CAMP D’AILEFROIDE 2005
De la mi-Juillet à la mi-Août,
pas moins de 36 personnes se sont succédées, au camping
d’Ailefroide, avec un pic de fréquentation autour de 20 personnes,
pendant pratiquement 2 semaines.
Les conditions météo furent tout à
fait correctes, avec un très bon ensoleillement, mais avec
un isotherme 0° qui a plus d’une fois flirté avec les 4500m.
Autant dire que les conditions de neige n’étaient pas bien fameuses.
Cependant malgré ces conditions, quelques courses
classiques d’altitude, comme la Barres des Ecrins, la traversée
du Pelvoux (où le couloir Coolidge est pratiquement en cailloux
jusqu’en haut), ont été réalisées.
L’essentiel des activités a donc plutôt
été orienté vers l’escalade. Le moins que
l’on puisse dire, c’est que le site d’Ailefroide est vraiment devenu
un site majeur, incontournable de l’escalade en France, en prenant
en compte les possibilités offertes par les secteurs du Glacier
Noir (Grande Sagne contrefort Sud, Face Nord de Pic sans Nom), Tête
d’Aval-Montbrison, sans oublier bien entendu la proximité
d’escalades à caractère plus montagne, comme la face
SO de Sialouze, ou les contreforts des Bans.
Tous ces secteurs ont été parcourus par
des cordées du GUMS, Georges alignant 21 itinéraires
durant son séjour, sans doute le plus long il est vrai.
Sans citer toutes les voies, accordons une mention spéciale
au contrefort Sud de la Grande Sagne pour la beauté de l’escalade
et la belle ambiance entre Ecrins et Glacier Noir.
(3 voies : D-, D, TD/TD+, 500m en 2
parties. Bien raide, équipement aéré).
Mention aussi pour une voie moins prestigieuse mais néanmoins
belle et variée, qui change un peu du style « tout sur
les pied » commun à la plupart des escalades d’Ailefroide,
il s’agit de l’Eperon de la voie éteinte (D+, 250m, 6a max).
Cette voie au caractère pédagogique
affirmé, permit à quelques gumistes de
réactualiser
quelques notions sur la pratique du métier. Ils ont constaté
qu’il n’était pas si facile de la parcourir entre la poire
et le fromage, qu’il ne fallait pas se précipiter dans la première
fissure venue (il est honnête de signaler que le topo n'est
pas des plus clair, mais c'est une bonne méthode cependant pour
passer du V+.... en croyant faire du IV), et que tirer un rappel de
50m avec une corde de 45m impose dans ce cas, de savoir jouer d’un air
pour Machard, anneaux de corde et tête à l'envers. De quoi
agrémenter le déjà volumineux dossier, "de l'héterodoxie
dans la pratique du rappel".
Bref, une voie tout à fait recommandable.

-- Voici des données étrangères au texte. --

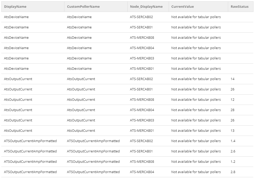 SELECT TOP 100 n.DisplayName, n.CustomPollerName, n.Node.DisplayName AS Node_DisplayName, n.CurrentValue, n.CustomPollerStatus.RawStatus FROM Orion.NPM.CustomPollerAssignmentOnNode n WHERE (n.Node.DisplayName LIKE '%ATS%')
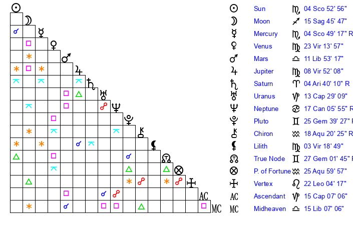 | Mercury | 4 Scorpio 49 | 29 Scorpio 13 | 13 Aquarius 24 |
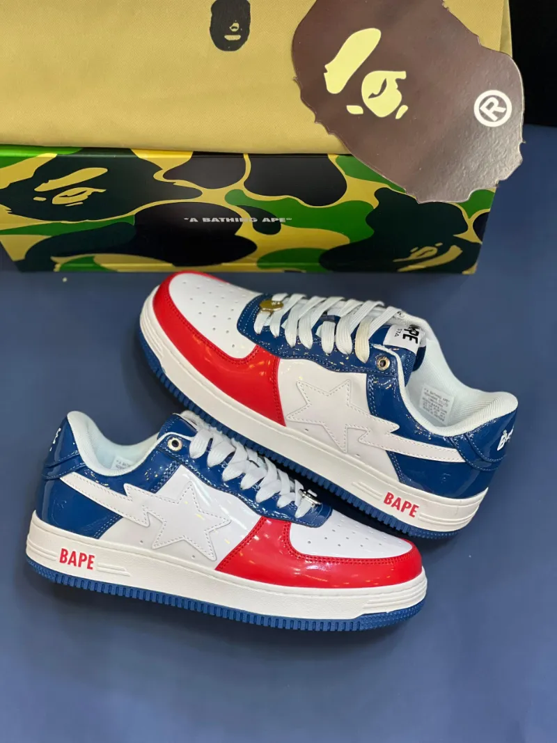 کتونی بیپ A Bathing Ape Bapesta در رنگ وایت بلو رد (A Bathing Ape Bapesta White Blue Red) یکی از مدلهای برجسته و محبوب برند ژاپنی A Bathing Ape هست که با طراحی الهامگرفته از فرهنگ خیابونی و ترکیب رنگهای پرچممانند، مثل یه اثر هنری پرانرژی تو دنیای اسنیکره میدرخشه. این مدل که بخشی از خط تولید کلاسیک Bapesta محسوب میشه، با استایل جسورانه و لوکس، طرفدارای زیادی داره.
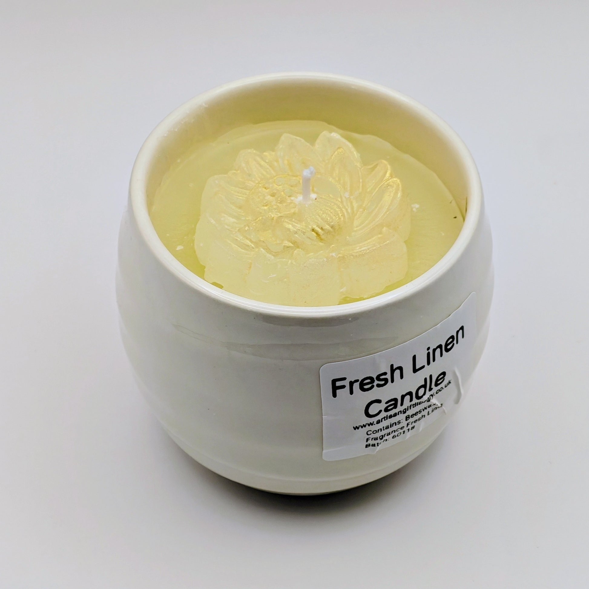 A Fresh Linen fragranced candle in a pottery lidded jar which is perfect for reuse. Gift ready.
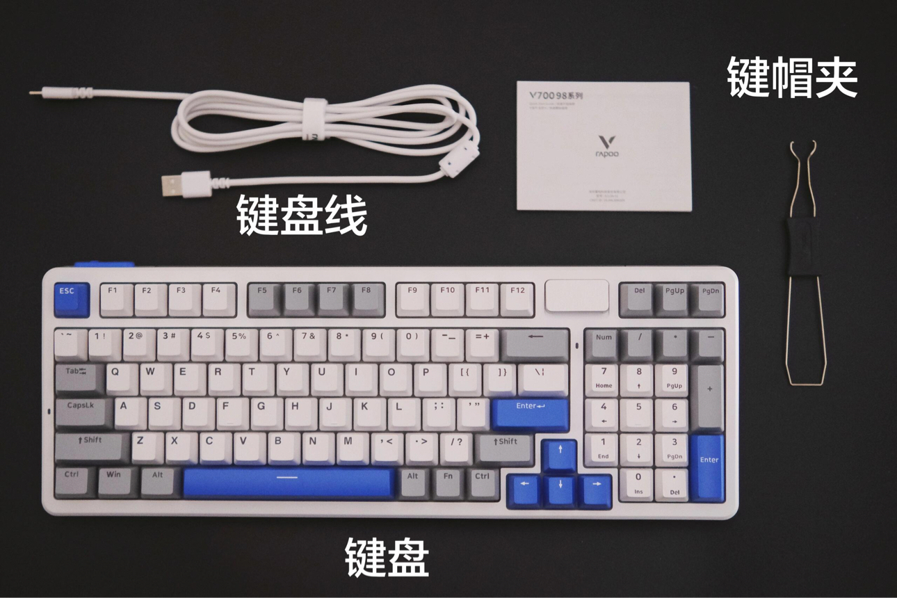 本篇笔记关联了Rapoo/雷柏 V700DIY-98 三模 机械键盘 97键 七层消音填充 PBT键帽 白蓝等商品,为用户提供真实的使用体验和购买参考。
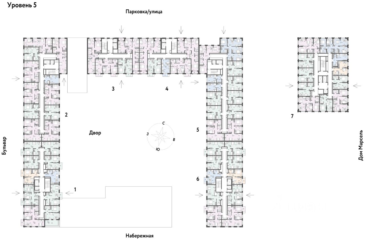 Разнообразие планировок: от классических до квартир с мастер-спальней и террасами. Подземный паркинг с кладовыми, охраной и видеонаблюдением 24/7. Ремонт от застройщика: 5 вариантов на выбор. Закрытый двор с площадками и зонами отдыха: мост-акведук, тренажёры, лабиринты, гамаки и шезлонги.
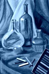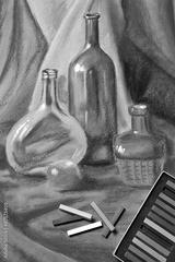 Artists pastels and original pastel drawing of still life.

Recommandons aussi à ceux qui craignent le grand soleil
du Sud, d’allez se faire voir par la Grande Tour du Pic Sans Nom
(voie the Big Tower is watching you: TD-700m).
Ombre, fraîcheur, petite pluie et coincement de
rappel assurés. Un bivouac aurait dû conclure cette
belle journée….. ! Les protagonistes refusent catégoriquement
de montrer des photos....?
Entre autres belles réalisations, citons : la
voie Kelle à la tête d'Aval (TD+ 600m), contreforts
des Bans: Pas d'Asile pour Papazu (TD+ 400m).
Quelques cordées de choc se sont frottées
aux voies de la face SO de Sialouze telles que Super Pilou et Ventre
à Terre. Certaines choisirent(?), sans doute le calme et la
douceur des lieux aidant, de prolonger une belle journée de
grimpe par un bon petit bivouac.
Bien sûr, il faudrait dire un mot sur: la Fissure,
Snoopy, à Tire d'ailefroide, Poussières d'Etoile,
Marche au Supplice, ne Tirer pas sur l'Ouvreur, la Cocarde.....et
bien d'autres encore, mais ......les grimpeurs heureux n'ont pas
d'histoire!
Pour conclure, constatons que le succès de cette
formule de camp d’été ne se dément pas, et espèrons
que quelques jeunes viennent le renforcer.